*Provided entries*
-=-=-=-=-

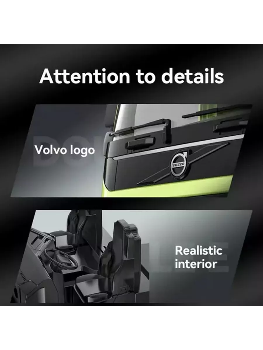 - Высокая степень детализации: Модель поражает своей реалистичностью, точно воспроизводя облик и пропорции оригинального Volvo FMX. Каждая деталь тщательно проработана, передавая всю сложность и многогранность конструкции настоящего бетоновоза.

-=-=-=-=-

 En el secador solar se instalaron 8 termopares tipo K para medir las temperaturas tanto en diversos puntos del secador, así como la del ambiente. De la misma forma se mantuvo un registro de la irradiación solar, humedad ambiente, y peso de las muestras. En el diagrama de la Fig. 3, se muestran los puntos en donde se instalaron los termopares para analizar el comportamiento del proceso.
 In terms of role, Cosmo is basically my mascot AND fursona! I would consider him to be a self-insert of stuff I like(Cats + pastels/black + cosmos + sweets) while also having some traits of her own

-=-=-=-=-

*Task brief*
In the material above, find the line containing "En el secador" and the line containing "In terms of", then write out exactly those two lines and every line between them, and nothing more.

*Result*
 En el secador solar se instalaron 8 termopares tipo K para medir las temperaturas tanto en diversos puntos del secador, así como la del ambiente. De la misma forma se mantuvo un registro de la irradiación solar, humedad ambiente, y peso de las muestras. En el diagrama de la Fig. 3, se muestran los puntos en donde se instalaron los termopares para analizar el comportamiento del proceso.
 In terms of role, Cosmo is basically my mascot AND fursona! I would consider him to be a self-insert of stuff I like(Cats + pastels/black + cosmos + sweets) while also having some traits of her own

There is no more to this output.